Tindaya Mountain, situated in the municipality of La Oliva in Fuerteventura, has ever been surrounded with a annulus of wizard and mysticism. It is a cult site of ancient Majorero natives where over 200 feet-shaped stone carvings were discovered. It was avowed Property of Cultural Interest, Geological Interest Site and Natural Monument; Tindaya also represents a central mining site based on the extraction of a volcanic rock called Traquita.
When it was original discussed of carving into the mountain to build the Monument for Tolerance, a kind of protection plan was created. The initial intention was to block away from excavation mining and develop the social tourism and ecological aspects of Tindaya through a grandiose sculpture, the leading creation of a first class international artista like Eduardo Chillida.
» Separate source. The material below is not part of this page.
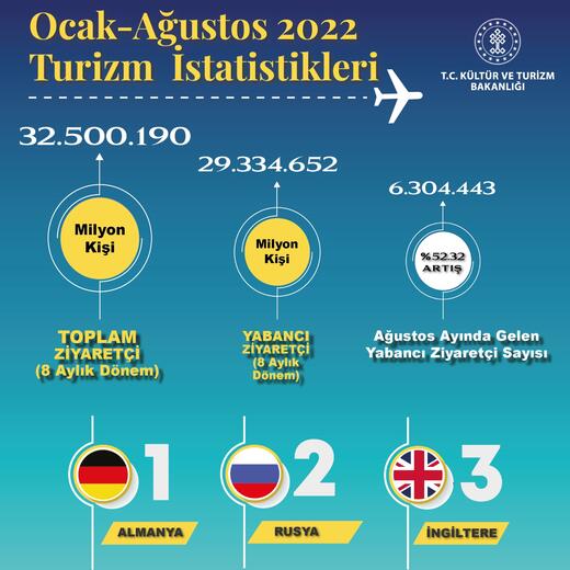 Kültür ve Turizm Bakanlığı'nın Ocak-Ağustos 2022 verilerine göre, Türkiye'yi önceki yılın aynı dönemine göre, yüzde 108,48 artışla 29 milyon 334 bin 652 yabancı ziyaret etti. Yurt dışı ikametli vatandaşla birlikte toplam ziyaretçi sayısı, 32 milyon 500 bin 190 kişiye ulaştı. Ağustos ayında da yabancı ziyaretçi sayısı, yine geçen yılın aynı ayına göre, yüzde 52,32 arttı ve 6 milyon 304 bin 443'e ulaştı.

Chillida created this monument as a area inspired from a verse from Jorge Guillén «depth is in the air», and desirable to look for the essence of the spirit inside the elevation. His obsession, only comparable to that of Peine del Viento (another sculpture of his), was to create a cube of 50m x 50m x 50m carved into the mountain with two skylights that would symbolise the Sun and the Moon. A place that as the creator himself described «would not be visible from the exterior, butonce inside and illuminated by the airy light of the sun, would evoke the very essence of humanity».
Nonetheless, since the Canarian creator José Miguel Fernández told the artist from San Sebastian about the possibility to conceive his creation on the island of Fuerteventura, on the way, they were visaged with polemics of all kinds such as ecology, politics and even justice. Today, 15 years down the line, the utopia relic in the air.
Nor Eduardo Chillida, or José Miguel Fernández Aceytuno, or José Antonio Fernández Ordóñez engineer and friend of the Basque sculptor ever managed to see the plan realized. All three died between 2000 and 2005. Now, four years later, it looks equal there is bright at the end of the tunnel. Lorenzo Fernández Ordóñez, advance of the Guadiana Foundation, has recovered the primary ideas from his father and from Chillida himself to finally make the Tindaya project a reality.